People, nowadays recite stats and figures like they are reciting Shakespeare.

Shakespeare made that shit up, allegedly, and figures are man made, subjective, but yet, its like a bible verse, gospel.

"John 8:31-32 ESV - The Truth Will Set You Free", is my favorite verse in any book, because its true, nowadays the truth is a slippery slope of banana and plantains peels, greased with WD-40. .

People don't make connections, they don't connect the dots, they simply follow the herd.

A good handicapper is that Border Collie or Australian shepherd, that is in charge of the herd, the voice of reason, mantaining order and organizingchaos.

If you are one of those, who believe in the mighty messiah of speed figures, social media, you are barking up the wrong fig tree.

The greatest handicapping tool on Derby week, is only second to dappled out horses, the bath shot.

I wouldn't want anyone taking pictures of me taking a bath, being scrubbed in delicate places, what the ^#$^ is all the furor over bath shots.

I am waiting to hear someone is going to bet a horse in the Derby because they scrubbed his huevos a little extra today.

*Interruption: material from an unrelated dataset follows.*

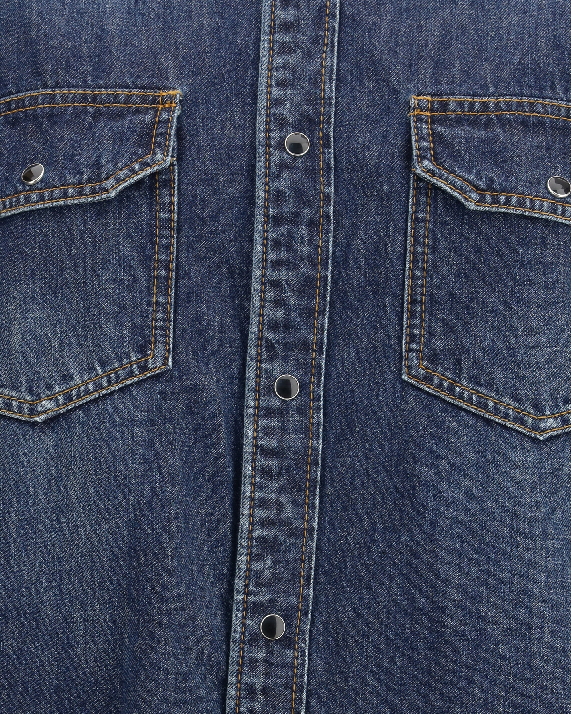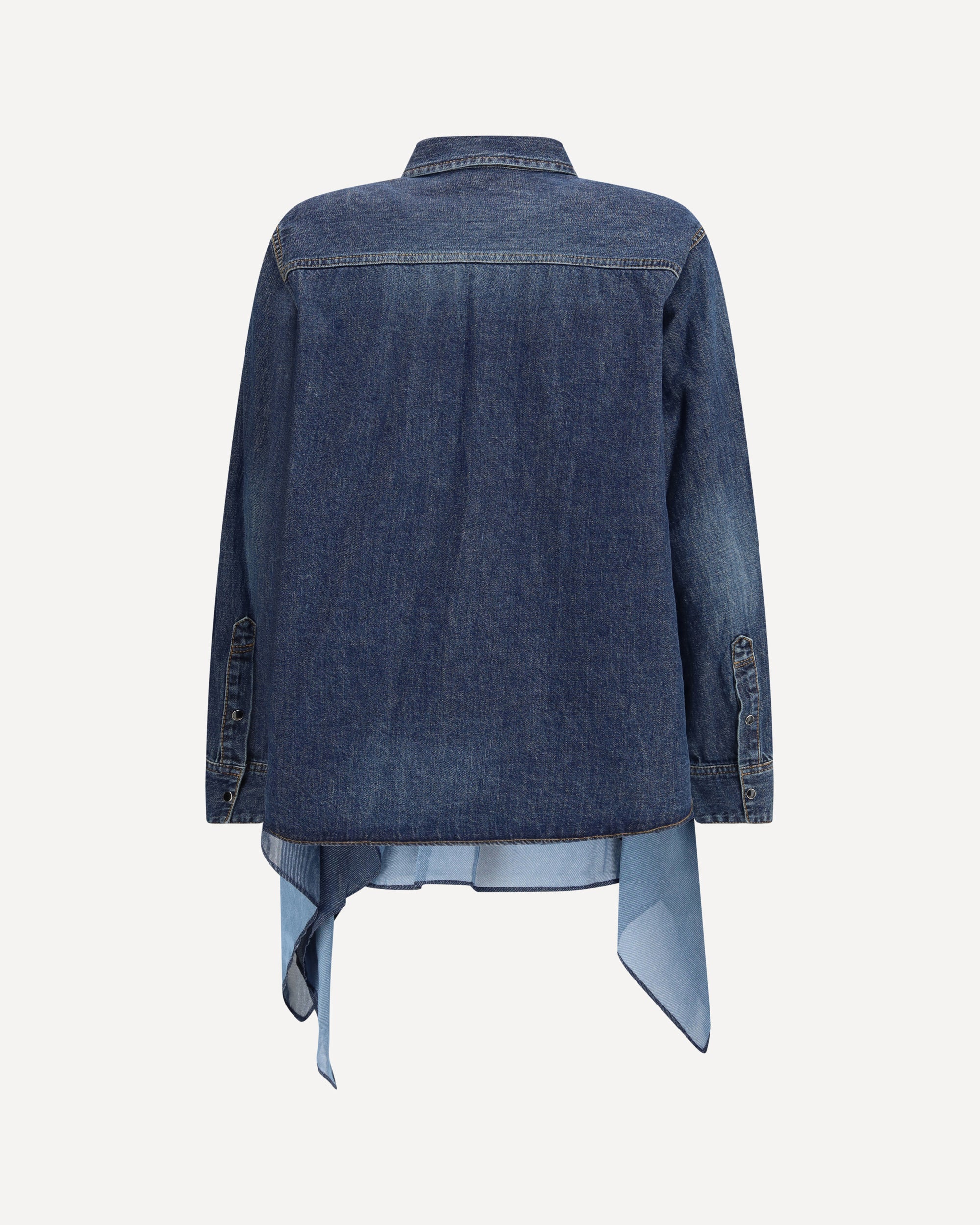 The denim and satin Shirt by Sacai reimagines a classic staple through the brand’s signature hybrid approach. Dark-wash denim is layered over smooth satin, creating a refined play of textures. A polo collar, angled chest pockets, and snap-button fastening complete the design, balancing functionality with contemporary elegance.

The good horseplayers are heard of not seen and even better nowhere to be seen or heard from until after the fact when they are collecting their prize, and the beauty of this game, at the track, everybody has to watch you do it.

You ever seen a guy collect at the track, and I mean collect, people wonder who he is and what he bet?

You be that guy, and have that strut as you walk away from windows, with a ton of cash in your pant pocket.

That's who I want to be on Derby week.